I have had the same issue, if I pressure ferment and and then prime the bottles with carbonation drops some times the beer already has some carbination.
Especially if it was in the fermenter for 20 days.
William
 
I reckon you might have a wild yeast issue. In my early days I had the odd bottle gusher. It never tasted off or anything, just annoying. I only bottle in glass now and nuke the bottles with sod-per, then phos-acid prior to bottling. Can't remember the last gusher, so that's gotta be a good thing.
 
I've only had 1 batch of gushers which otherwise tasted fine, emptied the bottles into a sterilised FV then transferred to a keg, gassed and let sit and its all good.
 
Did the chill down work for you?
Hi Grok
Chilled a couple down, until they had icicles inside the bottles, it helped, I got an extra half a glass. These are so fizzed up I found one that had even cracked a lid. somehow it still held pressure??
I cannot put the cause of this down to any 1 thing. There's been a few great suggestions here. and the cause could be any number of things.

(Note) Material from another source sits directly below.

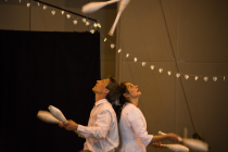 Techniques de cirque présentés: équilibres sur échelle libre, monocycle, jonglerie balles en solo et massues en duo.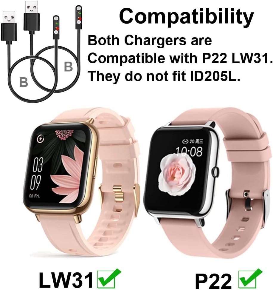 - 2-PACK ONLY Compatible with P22 of Donerton, Popglory, CanMixs, Kalinco 1.4inch smartwatch, Parsonver SR1, and compatible with AGPTEK LW31 1.69inch and Fitniv IW2, also compatible with LUOBA TOZDTO i13, WZWNEER DXPICR Y20GT, Iaret i18,Ypaddbu P58 and Wwzzey P42B. It IS NOT compatible with Feifuns smartwatch, and it DOES NOT support Smartwatch ID205L ID205S ID205U ID216 GT01, IW1, EW1 or ID206 whose App Name is VeryfitPro

I'm settling with a half batch of an otherwise good beer.
Thanks.
🍺 (I need a glass half full emoji for this one)
 
As they are in plastic bottles freeze it solid, crack the lid open to let some gas out and reseal it. With crown caps and the right bottle opener you can ease the lid to degas a bit at a time if you are patient and have a very cold bottle.
 
Being a bit of a contrarian here, but perhaps there’s a chance they’re too cold in your fridge…
I recently bought a new fridge which was set way colder than my previous one, and a couple of sparkling ales I made started gushing. And around Xmas time I had some little creatures pales in a different fridge which was also really cold and the same thing happened to them, and I doubt they over-carbed.